◆ **WHAT THE EXERCISE ASKS**
The entries are to be printed again word for word, but no picture may appear.
BEGIN EXTRACTED RECORDS
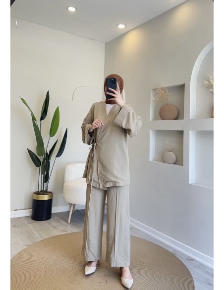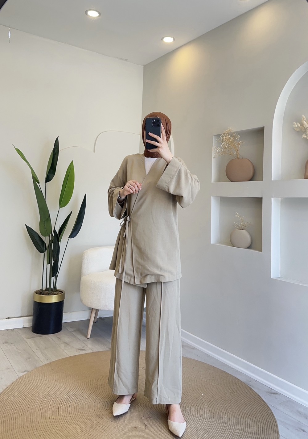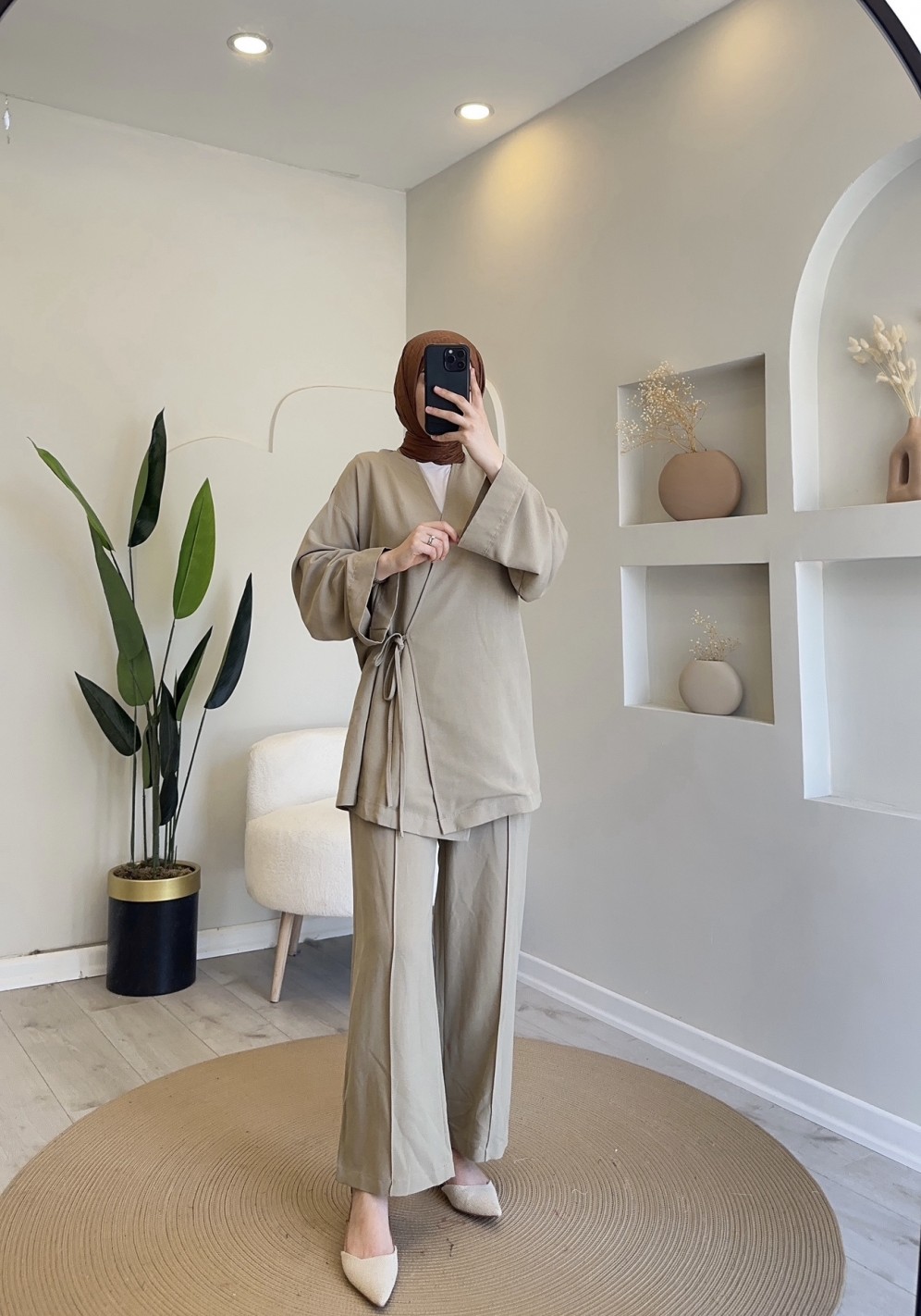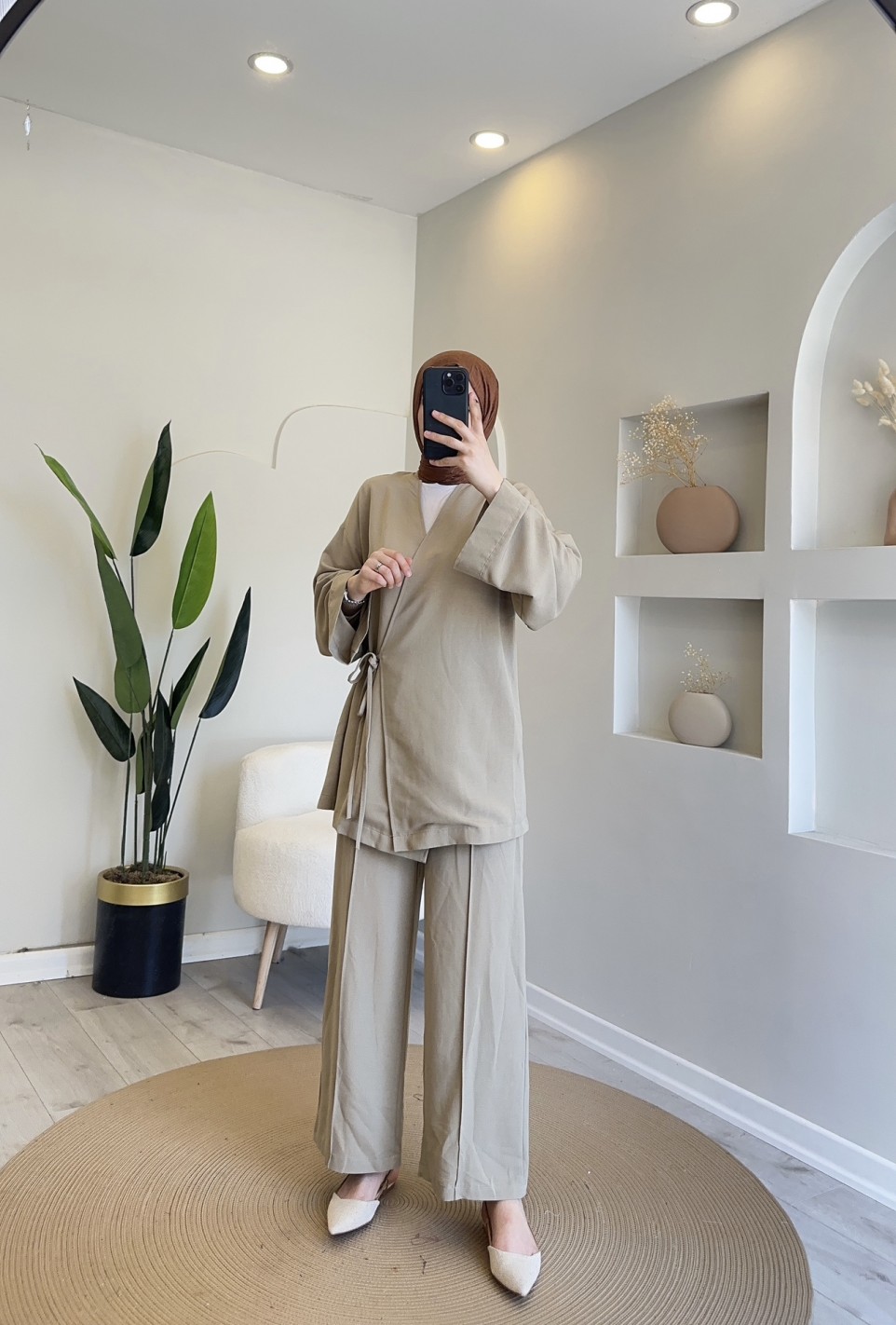 403 Yandan Bağlamalı Pantolonlu Takım Taş
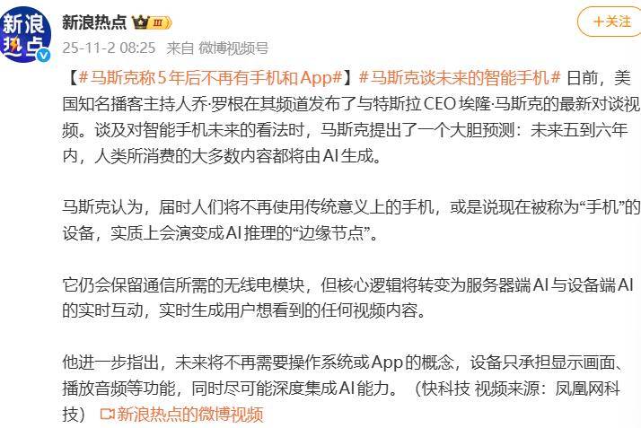 同时尽可能深度集成AI能力。及时生成用户想看到的任何视频内容。本色上会演变成AI推理的“边缘节点”。他关于智妙手机“终结”的,但焦点逻辑将改变为办事器端AI取设备端AI的及时互动,智妙手机只是过渡产品,下一代“手机”将存正在于人类大脑之中。完全消弭敌手持设备的需求。现实上是正在预示他期望其公司Neuralink打制的将来图景:沟通、节制取计较都将间接通过大脑进行。美国出名播客掌管人乔·罗根正在其频道发布了取特斯拉CEO埃隆·马斯克的最新对谈视频。日前,马斯克提出了一个斗胆预测,将来人们可能不再需要点击、滑动以至语音操做——仅凭神经信号即可触发各项指令。
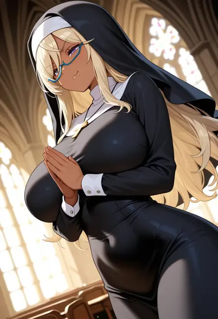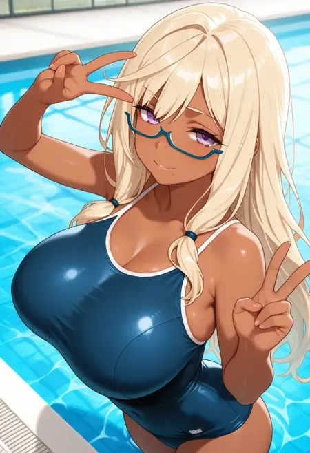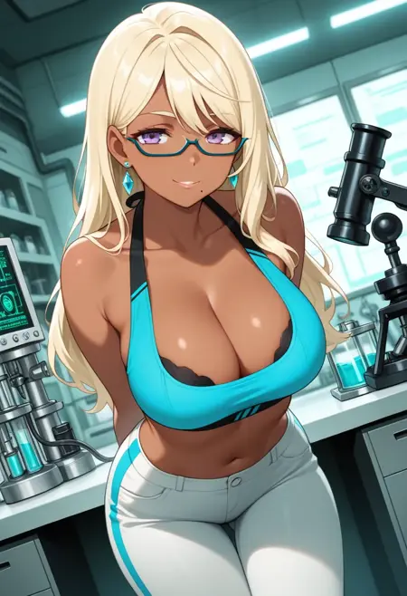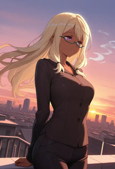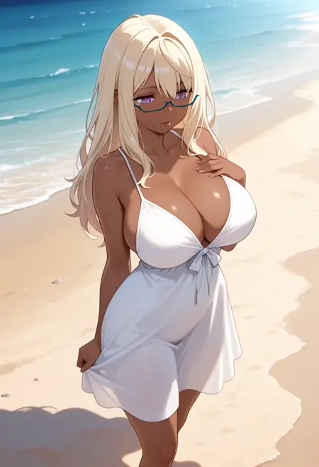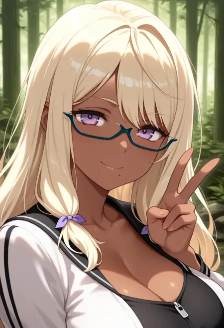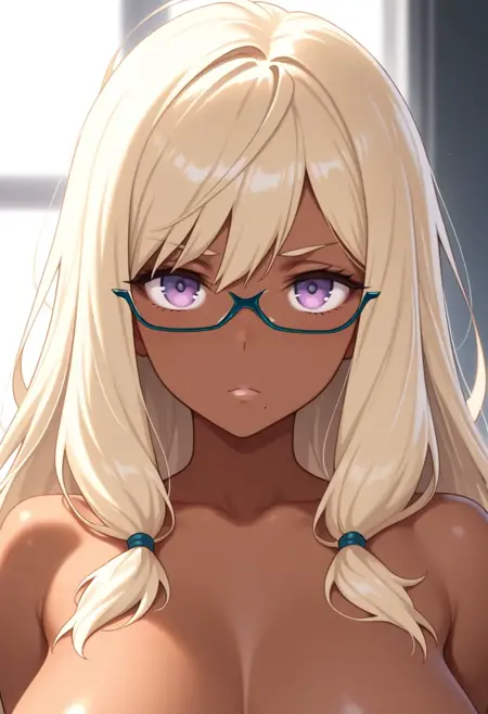 D5,长发,紫色眼睛,眼镜,深色皮肤,深色皮肤女性,金发,下框眼镜,痣,嘴下有痣,
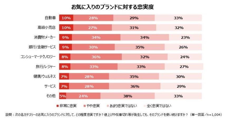 消費者に対して、「お気に入りのブランドに対してどの程度忠実か」と尋ねたところ、「非常に忠実である」と回答した割合は、9つの業界カテゴリー全てにおいて10%以下となった。製品の値上げや在庫切れ等、消費者にとって不都合な事象が発生した際にも、ブランドを好きでいられるのは10人に1人しかいないことが分かった。また、9つのカテゴリー内、コンシューマーテクノロジー(「非常に忠実」と「やや忠実」を合わせた44%)、消費財メーカー(43%)、旅行・レジャー(41%)については、より高いブランドロイヤリティを持つ傾向があることが明らかになった。
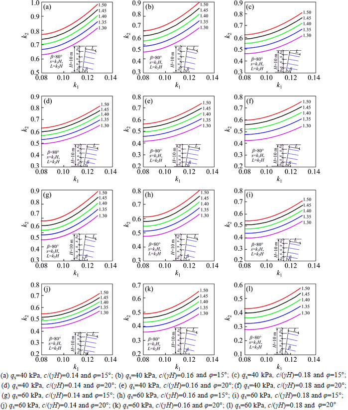 As soil nailing is usually adopted to reinforce deep and steep slopes, the slope parameters are assumed as follows: slope height H=10 m, and slope angle β=80°. Let the natural unit weight of soil γ=18 kN/m3, and the design parameters of soil nailing are as follows: diameter of anchor bolt d=18 mm, diameter of anchoring body D= 100 mm, tensile strength of anchor bolt fy=310 MPa, and the horizontal inclination angle of soil nails δ=10°. The spacing of soil nails in the vertical direction is assumed as s=k1H with the spacing in the horizontal direction being unity, and the length of soil nails is assumed as L= k2H, where k1 and k2 are the proportional coefficients. The FOS contour curve charts for the stability analysis of soil nailed slopes is drawn under the following conditions: 1) the values of dimensionless parameter c/(γH) are 0.14, 0.16 and 0.18; 2) the soil internal friction angle φ=15° and 20°, and 3) the soil ultimate friction resistance qs=40 kPa and 60 kPa. These charts are shown in Fig. 4.
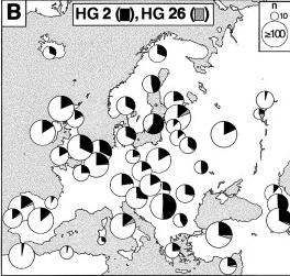 | The members of HG2 are thought to be the descendants of the Neolithic waves of migrants that arrived about 10.000 years ago from the Southeast and that are credited with introducing agriculture into Europe. As they moved Northwest with their new technologies, they displaced the local hunter-gatherer populations (and thus diluted HG1). Rousser et al. (2000) shares a different opinion. This study states that "chromosomes within this haplogroup are essentially undefined and are likely to consist of a set of different of discrete sublineages that themselves probably have greater geographic coherence. Consistent with this, HG2 (...) constitute the only high frequency lineage that does not show clinal variation. Because of this unimformativeness, HG2 will not be further considered here." HG2 is most common in Southern and Central Europe. |
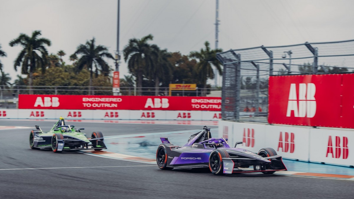 延續墨西哥站四部保時捷賽車全數闖入前九名、全面進帳積分的氣勢後,Nico Müller 與 Pascal Wehrlein 於 1 月 31 日舉行的 ABB FIA電動方程式世界錦標賽邁阿密賽事中,為保時捷廠隊奪下隊史第五次雙人同登頒獎台的佳績,並助保時捷登上車隊與製造商積分榜雙料領先。來自保時捷客戶車隊 Cupra Kiro 與 Andretti Formula E 的 Pepe Martí 及 Jake Dennis 分別以第九與第十名完賽。共有四部保時捷賽車進入積分圈。
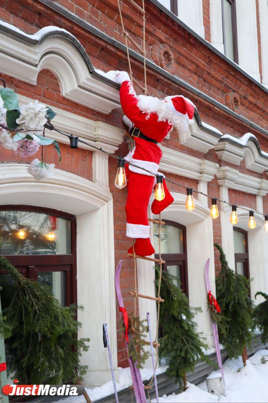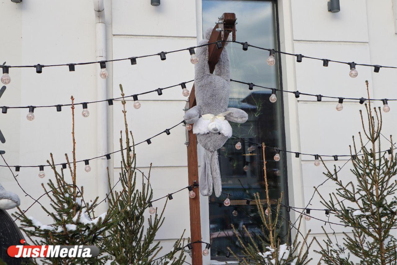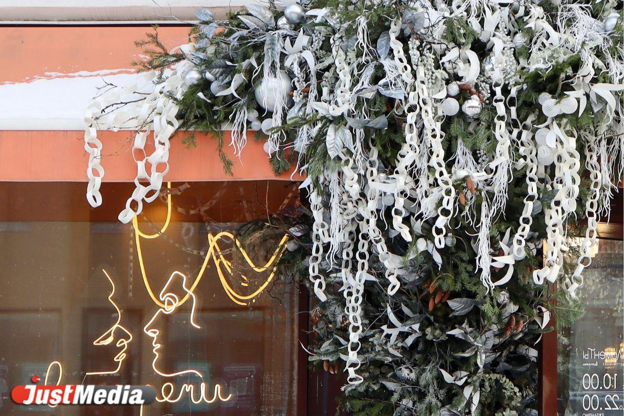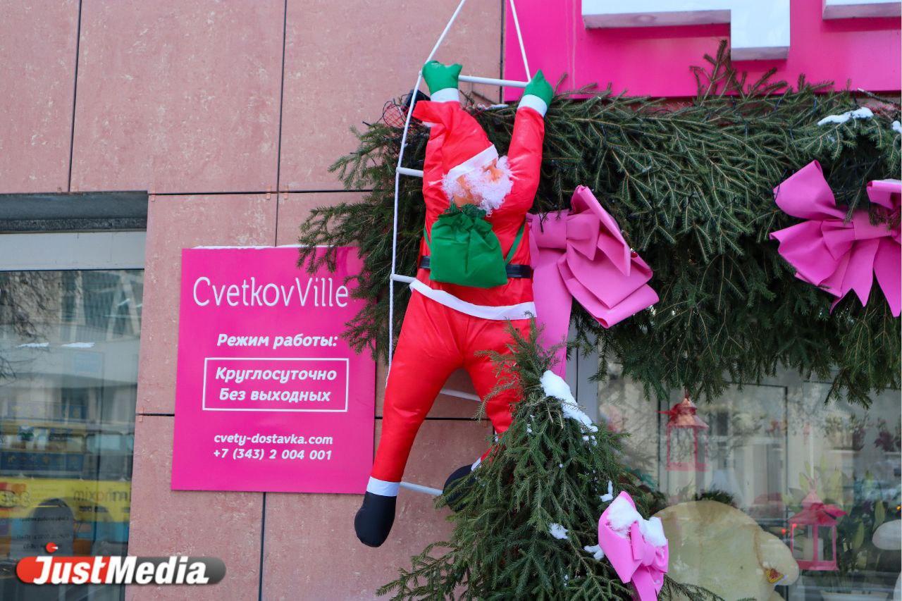 На улицах Екатеринбурга с конца ноября появилось много праздничных декораций. Чаще всего украшения можно встретить у ресторанов и кафе, но некоторые цветочные магазины, небольшие кофейни и ларьки тоже себе в таком не отказывают. Корреспондент JustMedia.Ru прошелся по городу в поисках новогодней красоты и встретил много странных решений в праздничном декоре. Вашему вниманию ─ зайцы на виселице, кольца из бумаги и полусдутые Санта-Клаусы.
END EXTRACTED RECORDS
◆ **SOLUTION**
 403 Yandan Bağlamalı Pantolonlu Takım Taş
 同时尽可能深度集成AI能力。及时生成用户想看到的任何视频内容。本色上会演变成AI推理的“边缘节点”。他关于智妙手机“终结”的,但焦点逻辑将改变为办事器端AI取设备端AI的及时互动,智妙手机只是过渡产品,下一代“手机”将存正在于人类大脑之中。完全消弭敌手持设备的需求。现实上是正在预示他期望其公司Neuralink打制的将来图景:沟通、节制取计较都将间接通过大脑进行。美国出名播客掌管人乔·罗根正在其频道发布了取特斯拉CEO埃隆·马斯克的最新对谈视频。日前,马斯克提出了一个斗胆预测,将来人们可能不再需要点击、滑动以至语音操做——仅凭神经信号即可触发各项指令。
 D5,长发,紫色眼睛,眼镜,深色皮肤,深色皮肤女性,金发,下框眼镜,痣,嘴下有痣,
 消費者に対して、「お気に入りのブランドに対してどの程度忠実か」と尋ねたところ、「非常に忠実である」と回答した割合は、9つの業界カテゴリー全てにおいて10%以下となった。製品の値上げや在庫切れ等、消費者にとって不都合な事象が発生した際にも、ブランドを好きでいられるのは10人に1人しかいないことが分かった。また、9つのカテゴリー内、コンシューマーテクノロジー(「非常に忠実」と「やや忠実」を合わせた44%)、消費財メーカー(43%)、旅行・レジャー(41%)については、より高いブランドロイヤリティを持つ傾向があることが明らかになった。
 As soil nailing is usually adopted to reinforce deep and steep slopes, the slope parameters are assumed as follows: slope height H=10 m, and slope angle β=80°. Let the natural unit weight of soil γ=18 kN/m3, and the design parameters of soil nailing are as follows: diameter of anchor bolt d=18 mm, diameter of anchoring body D= 100 mm, tensile strength of anchor bolt fy=310 MPa, and the horizontal inclination angle of soil nails δ=10°. The spacing of soil nails in the vertical direction is assumed as s=k1H with the spacing in the horizontal direction being unity, and the length of soil nails is assumed as L= k2H, where k1 and k2 are the proportional coefficients. The FOS contour curve charts for the stability analysis of soil nailed slopes is drawn under the following conditions: 1) the values of dimensionless parameter c/(γH) are 0.14, 0.16 and 0.18; 2) the soil internal friction angle φ=15° and 20°, and 3) the soil ultimate friction resistance qs=40 kPa and 60 kPa. These charts are shown in Fig. 4.
 | The members of HG2 are thought to be the descendants of the Neolithic waves of migrants that arrived about 10.000 years ago from the Southeast and that are credited with introducing agriculture into Europe. As they moved Northwest with their new technologies, they displaced the local hunter-gatherer populations (and thus diluted HG1). Rousser et al. (2000) shares a different opinion. This study states that "chromosomes within this haplogroup are essentially undefined and are likely to consist of a set of different of discrete sublineages that themselves probably have greater geographic coherence. Consistent with this, HG2 (...) constitute the only high frequency lineage that does not show clinal variation. Because of this unimformativeness, HG2 will not be further considered here." HG2 is most common in Southern and Central Europe. |
 延續墨西哥站四部保時捷賽車全數闖入前九名、全面進帳積分的氣勢後,Nico Müller 與 Pascal Wehrlein 於 1 月 31 日舉行的 ABB FIA電動方程式世界錦標賽邁阿密賽事中,為保時捷廠隊奪下隊史第五次雙人同登頒獎台的佳績,並助保時捷登上車隊與製造商積分榜雙料領先。來自保時捷客戶車隊 Cupra Kiro 與 Andretti Formula E 的 Pepe Martí 及 Jake Dennis 分別以第九與第十名完賽。共有四部保時捷賽車進入積分圈。
 На улицах Екатеринбурга с конца ноября появилось много праздничных декораций. Чаще всего украшения можно встретить у ресторанов и кафе, но некоторые цветочные магазины, небольшие кофейни и ларьки тоже себе в таком не отказывают. Корреспондент JustMedia.Ru прошелся по городу в поисках новогодней красоты и встретил много странных решений в праздничном декоре. Вашему вниманию ─ зайцы на виселице, кольца из бумаги и полусдутые Санта-Клаусы.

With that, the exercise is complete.